Он ощутил это слово целиком, во всем его буйном и страшном веселье. Праздничный грохот недавнего юбилея Отечественной войны, кивера, «Торжественная увертюра» Чайковского, пушки и пороховые дымы, «Война и мир», подвиги и слава, мундир отца с георгиевской ленточкой, оловянные солдатики на зеленом поле письменного стола, модели кораблей, плеяда нахимовских адмиралов, позор Цусимы, знамена Морского музея, черные доски героев в корпусной церкви, — хлынуло в него многоцветным потоком виденное, слышанное, прочитанное и взнесло, рождая восторг, и трепет, и страсть.

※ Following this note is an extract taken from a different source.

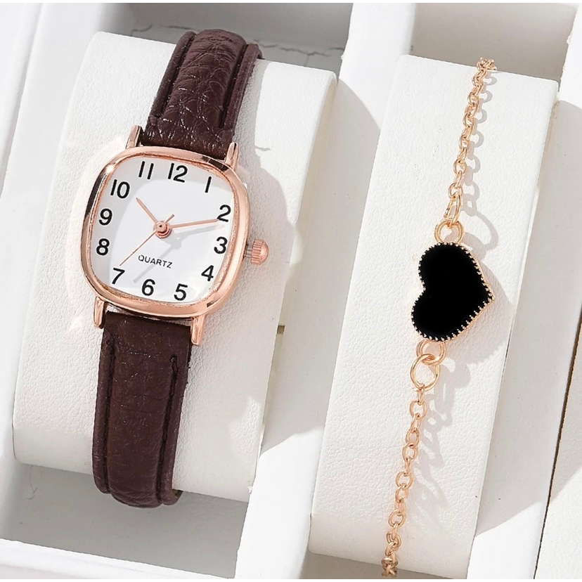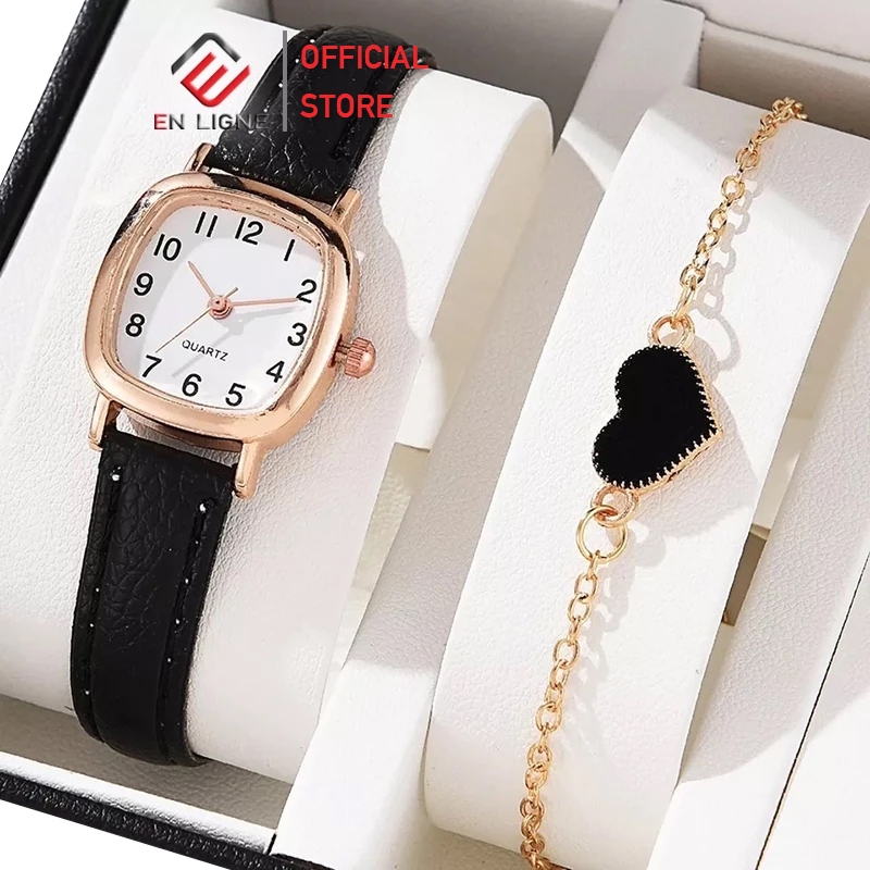 ENLIGNE - EL915 - Jam Tangan Fashion Wanita Kotak Kecil Tali Kulit - Set Gelang Bonus Box Cantik

Война! Голубые башни «Генералиссимуса», орудия, умные, как люди, залпы, всплески, черный дым, убегающий перед плотным звуком взрыва погребов, изменчивый путь военного счастья, страшное и тайное величие морского боя, андреевский флаг, последним уходящий в спокойную воду (пусть! пусть!), подвиги, слава, ставка ва-банк на одну морскую карту, — скоро ли, скоро?

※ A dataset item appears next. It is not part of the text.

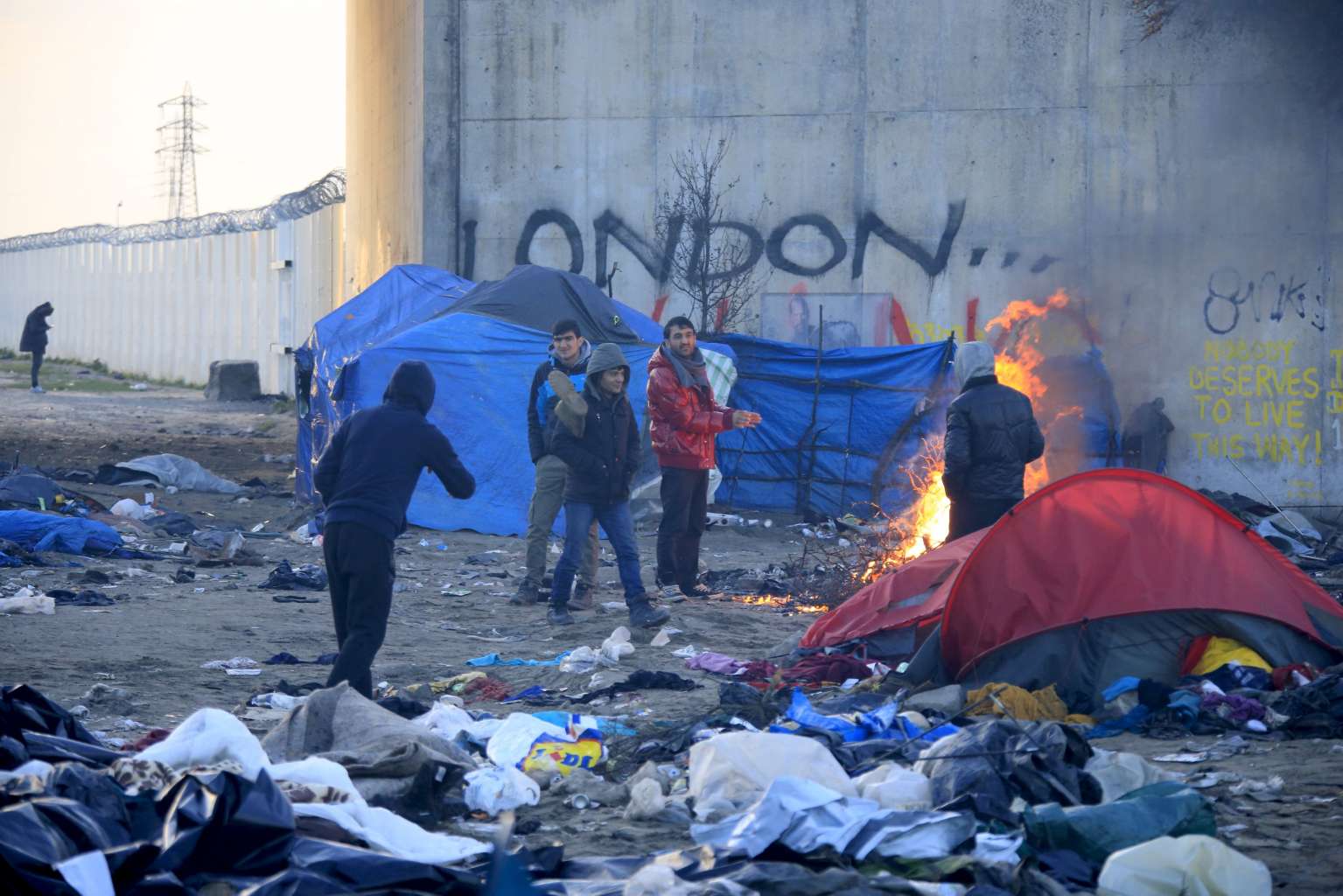 Migrants warm their hands near a wood fire in a dismantled area of the Calais camp known as "The Jungle".

Война! Война так рано, так глупо рано, когда до производства еще тысяча и один проклятый день? Ждать, сидеть за партой, зубрить, когда другие умирают и побеждают в неповторимой, великой игре народов? Немыслимо! От этого хотелось кричать, плакать, молиться, бежать куда-то, торопя других…
Он обвел гостиную заблестевшими глазами. Но здесь сидел один Сергей Маркович, давно уже положивший телефонную трубку и читающий теперь внимательно заднюю полосу вечерней газеты (биржевик проклятый!). Миша исчез, очевидно, к брату с новостями, Пахомов где-то приводил в чувство Полиньку.
Юрия вдруг потянуло в корпус. Там его могли понять с полуслова такие же, как он, юноши, — возбужденные, нетерпеливые, оскорбленные торопливым бегом истории. Может быть, Юрий был бы тем первым, кто обрушит в стоячее болото корпусных будней торжественную и праздничную весть: война!..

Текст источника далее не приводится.